### What you should do:
Below are the records. Retype exactly the lines between the lines holding "Small purple pure" and "麻绳源头工厂黄色细麻绳捆绑绳手工编制麻绳猫爬架diy材料绳子", inclusive.

### Provided records:
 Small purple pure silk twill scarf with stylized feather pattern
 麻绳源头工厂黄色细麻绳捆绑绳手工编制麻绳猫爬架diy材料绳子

...

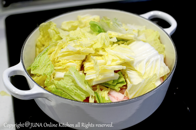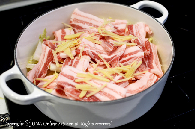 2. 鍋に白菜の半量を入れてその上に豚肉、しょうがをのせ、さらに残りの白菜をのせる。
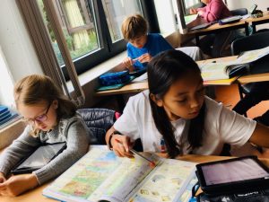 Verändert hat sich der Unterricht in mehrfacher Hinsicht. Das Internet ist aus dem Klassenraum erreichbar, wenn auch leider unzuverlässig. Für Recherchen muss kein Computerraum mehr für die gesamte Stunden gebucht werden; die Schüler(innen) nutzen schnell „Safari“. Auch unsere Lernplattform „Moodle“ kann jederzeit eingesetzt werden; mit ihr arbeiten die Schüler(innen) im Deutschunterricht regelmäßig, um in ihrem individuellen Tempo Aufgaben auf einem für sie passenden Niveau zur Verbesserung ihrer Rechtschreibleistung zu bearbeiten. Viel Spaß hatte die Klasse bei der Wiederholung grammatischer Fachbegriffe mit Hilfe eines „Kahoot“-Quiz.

==

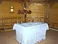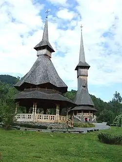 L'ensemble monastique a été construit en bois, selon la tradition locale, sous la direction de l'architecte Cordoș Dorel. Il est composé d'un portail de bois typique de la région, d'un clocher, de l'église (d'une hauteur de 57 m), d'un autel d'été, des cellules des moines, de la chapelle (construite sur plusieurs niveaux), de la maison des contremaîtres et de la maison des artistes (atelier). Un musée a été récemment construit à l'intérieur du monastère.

### Answer box:
 Small purple pure silk twill scarf with stylized feather pattern
 麻绳源头工厂黄色细麻绳捆绑绳手工编制麻绳猫爬架diy材料绳子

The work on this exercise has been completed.